• Input:
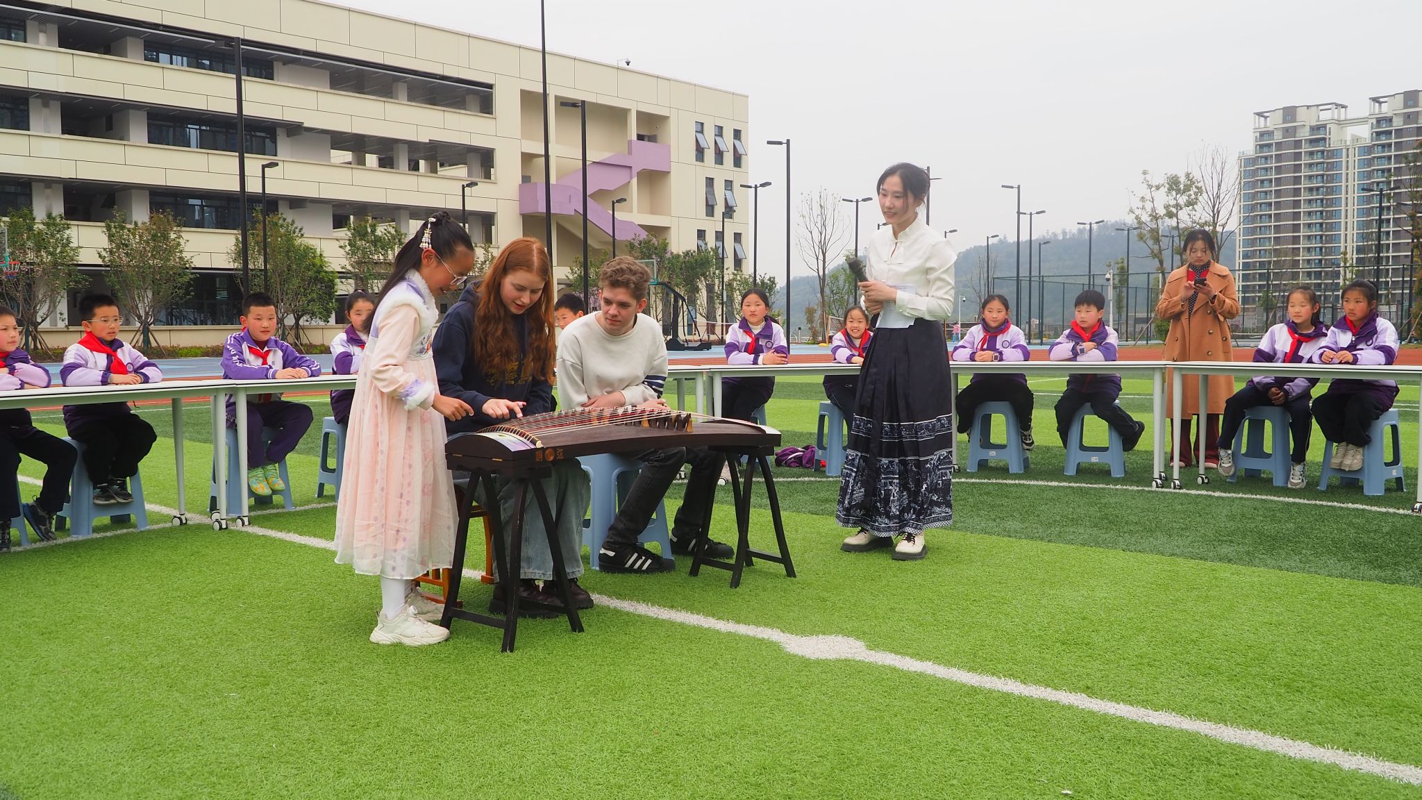 2025年4月3日下午,由重庆移通学院鱼城书院与重庆市合川区久长街小学联合举办的“异国学子汇校园,多元文化润童心”活动在久长街小学花滩校区圆满举行。本次活动以促进中外文化交流为核心,通过多元互动体验,为德国留学生与中国小学生搭建了友谊的桥梁,同时推动了大中小学教育一体化的实践探索。
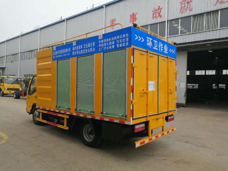 底盤型號:EQ1041SJ3BDF,發動機玉柴YC4FA115-50,7.00R16鋼絲胎,帶動轉,氣剎,方向助力,整車顏色工程黃。 上裝配置:18.5千瓦電機1臺,配電柜1臺,4寸排污泵一臺,5.5KW水循環真空泵1臺,3方高壓水箱,1.5立方液壓絞龍式/滾筒式污水分離箱,帶高壓清洗功能,采用意大利普蘭索特16MPA高壓泵,箱體材質采用熱板制作,后部帶LED屏,配工具箱一個。100mm吸污管4根(每根6米),60米Ф19mm的高壓管,帶10個噴頭。
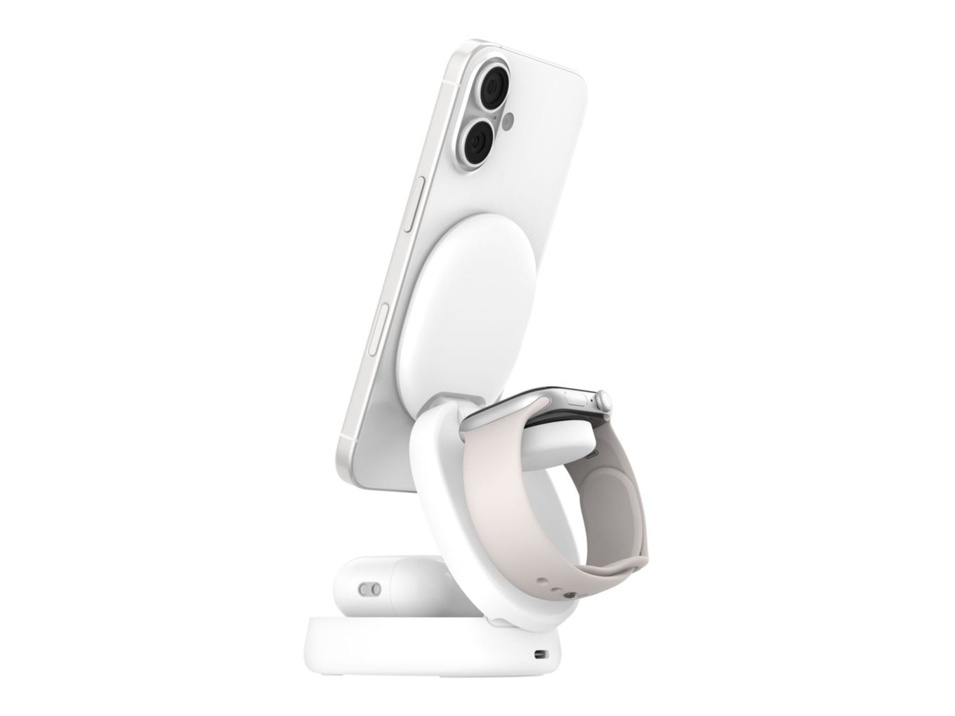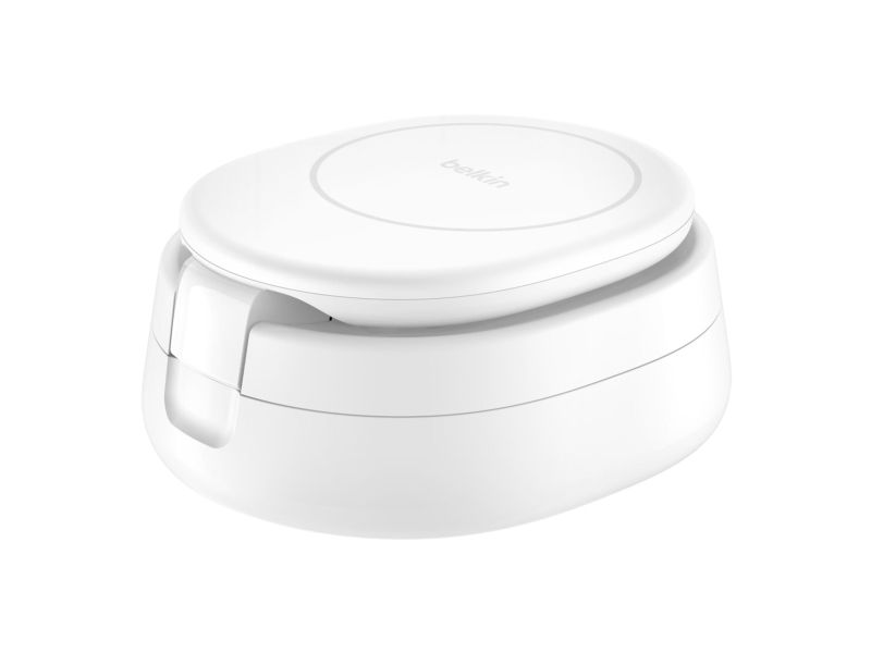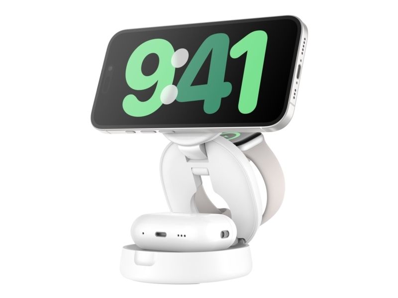 The Belkin BoostCharge Wireless Charging Stand offers a versatile and efficient way to power up your devices. Designed to accommodate a cellular phone, smart watch, and wireless earphones simultaneously, this 3-in-1 magnetic charging station is suitable for anyone looking to streamline their charging needs. Featuring a compact and foldable design, it allows for easy storage when not in use, while the adjustable viewing angle enhances convenience during charging. The stand is compatible with MagSafe, ensuring alignment for optimal charging effectiveness.
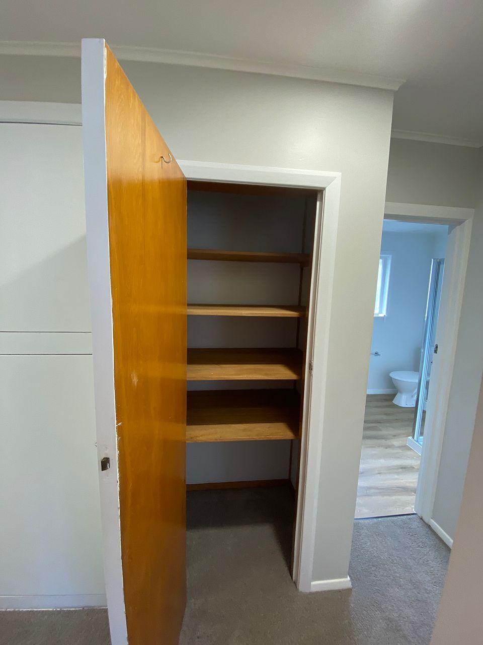 It has 2 bedrooms with a combined bathroom, with relatively new carpet and paint throughout.
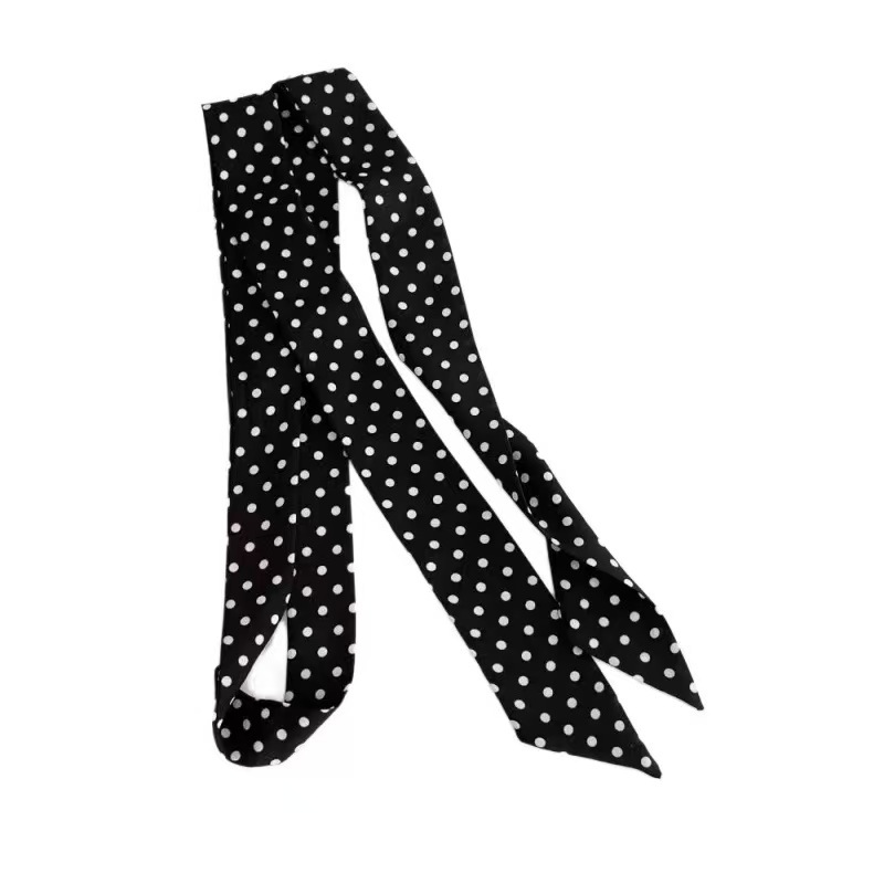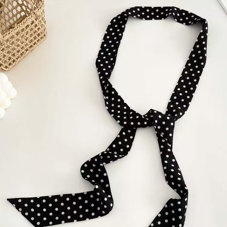 프렌치 스타일 블랙 롱 폴라 도트 스카프 여성용 하이 엔드 라이트 럭셔리 올 매치 넥 헤어 밴드 얇은 스카프 액세서리
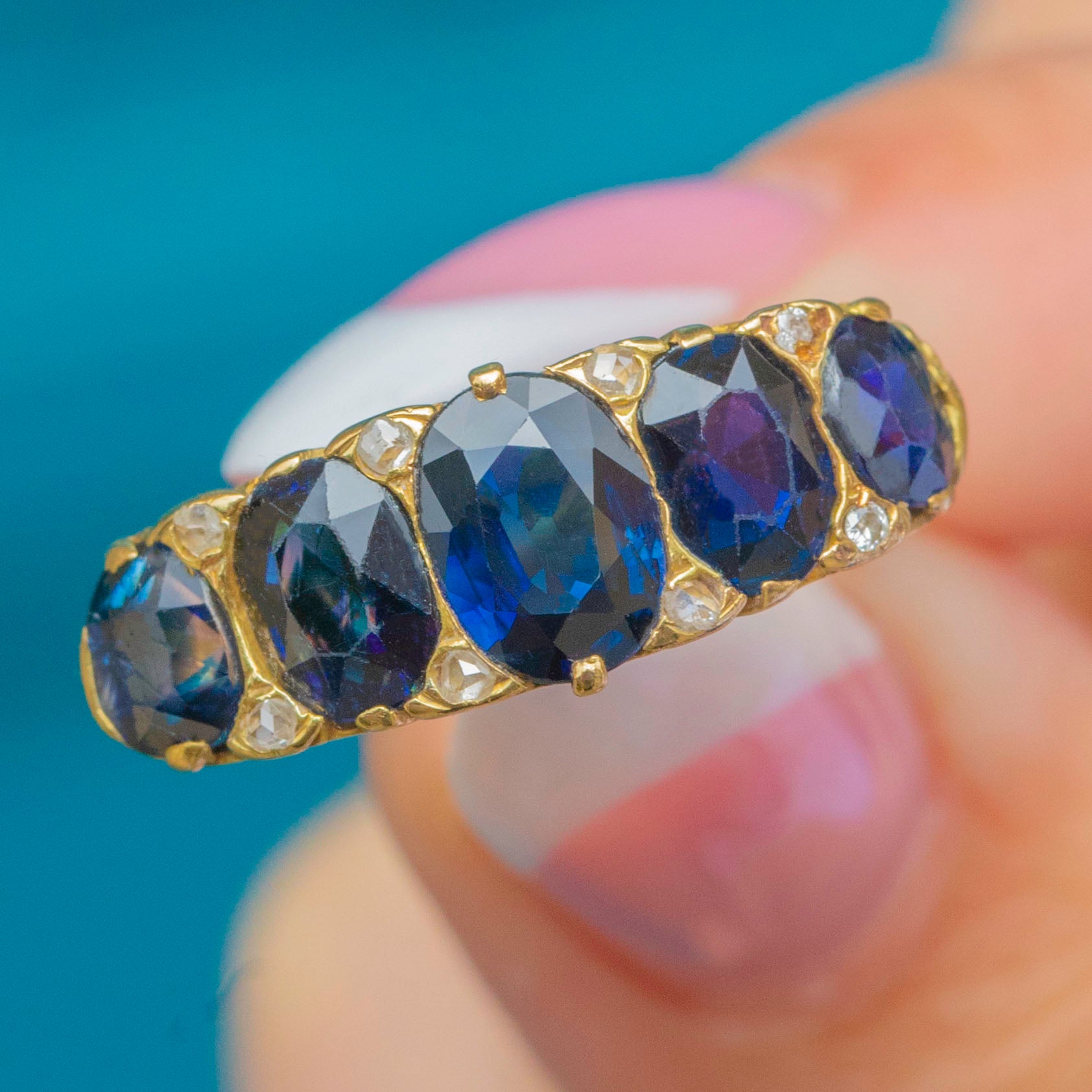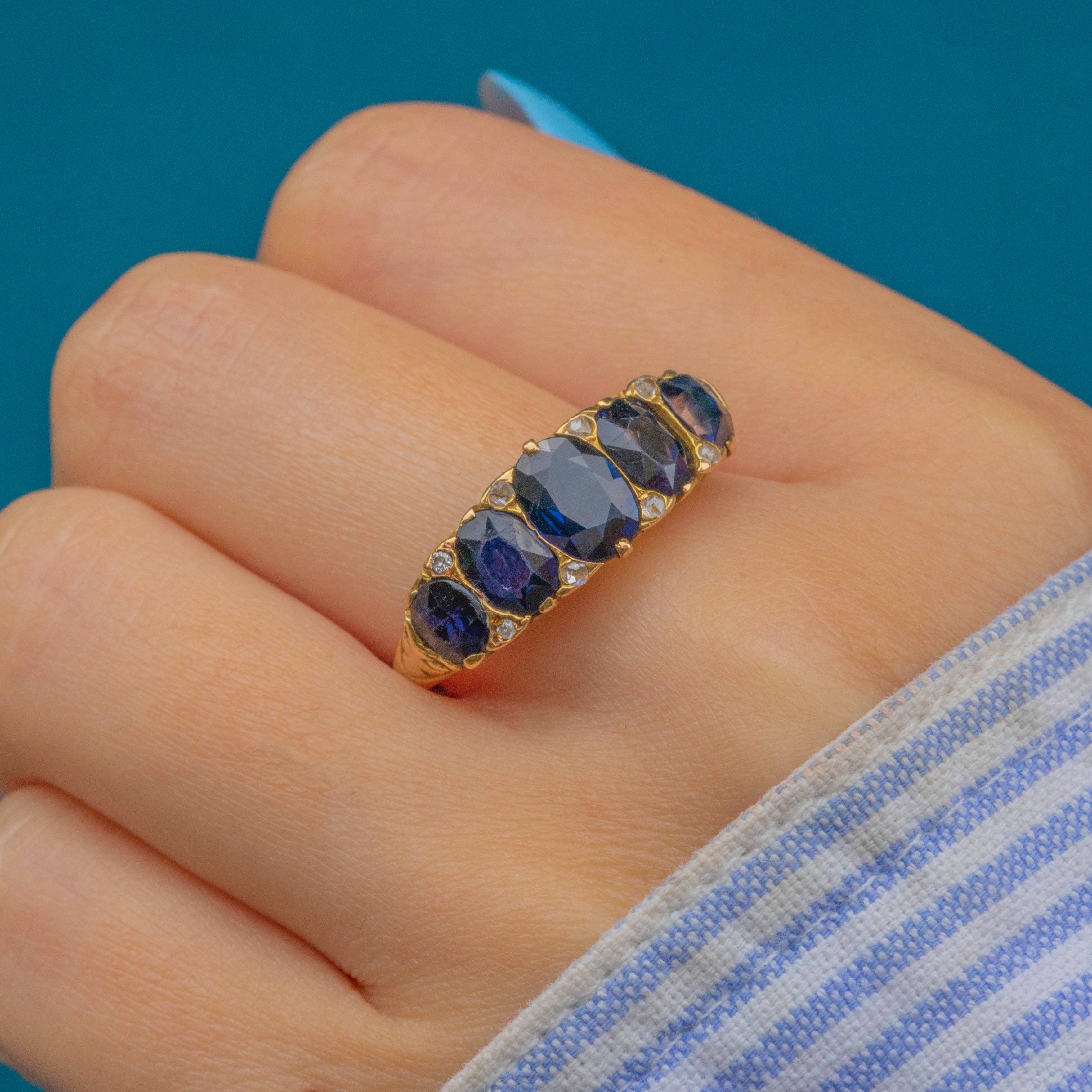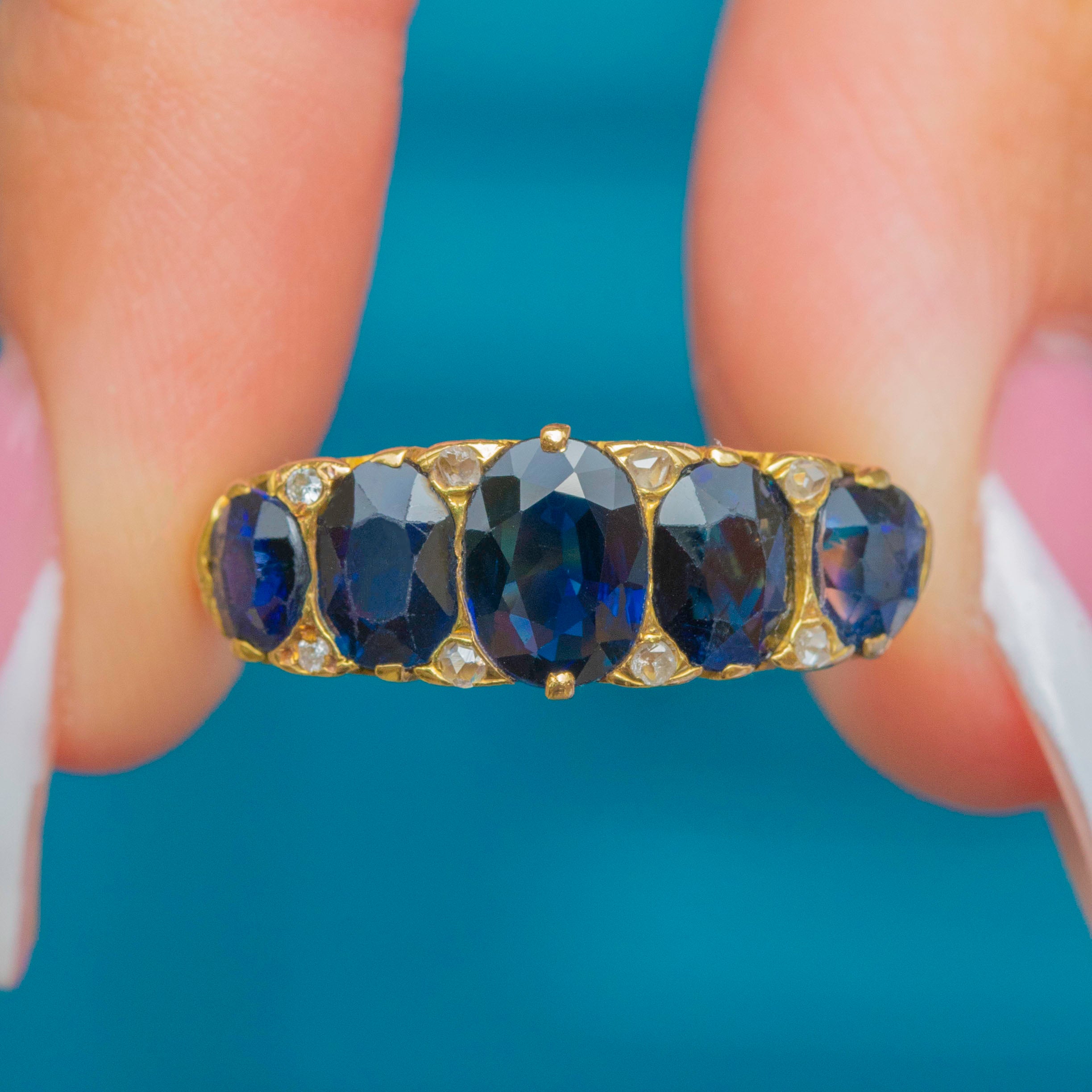 This Victorian five stone ring displays resplendent graduating natural Sapphires across its face, each radiating deep midnight blue hues from their crisp facets.

• Exercise directions: Word for word, repeat all of the entries above, leaving out the pictures.

• Output for this task:
 2025年4月3日下午,由重庆移通学院鱼城书院与重庆市合川区久长街小学联合举办的“异国学子汇校园,多元文化润童心”活动在久长街小学花滩校区圆满举行。本次活动以促进中外文化交流为核心,通过多元互动体验,为德国留学生与中国小学生搭建了友谊的桥梁,同时推动了大中小学教育一体化的实践探索。
 底盤型號:EQ1041SJ3BDF,發動機玉柴YC4FA115-50,7.00R16鋼絲胎,帶動轉,氣剎,方向助力,整車顏色工程黃。 上裝配置:18.5千瓦電機1臺,配電柜1臺,4寸排污泵一臺,5.5KW水循環真空泵1臺,3方高壓水箱,1.5立方液壓絞龍式/滾筒式污水分離箱,帶高壓清洗功能,采用意大利普蘭索特16MPA高壓泵,箱體材質采用熱板制作,后部帶LED屏,配工具箱一個。100mm吸污管4根(每根6米),60米Ф19mm的高壓管,帶10個噴頭。
 The Belkin BoostCharge Wireless Charging Stand offers a versatile and efficient way to power up your devices. Designed to accommodate a cellular phone, smart watch, and wireless earphones simultaneously, this 3-in-1 magnetic charging station is suitable for anyone looking to streamline their charging needs. Featuring a compact and foldable design, it allows for easy storage when not in use, while the adjustable viewing angle enhances convenience during charging. The stand is compatible with MagSafe, ensuring alignment for optimal charging effectiveness.
 It has 2 bedrooms with a combined bathroom, with relatively new carpet and paint throughout.
 프렌치 스타일 블랙 롱 폴라 도트 스카프 여성용 하이 엔드 라이트 럭셔리 올 매치 넥 헤어 밴드 얇은 스카프 액세서리
 This Victorian five stone ring displays resplendent graduating natural Sapphires across its face, each radiating deep midnight blue hues from their crisp facets.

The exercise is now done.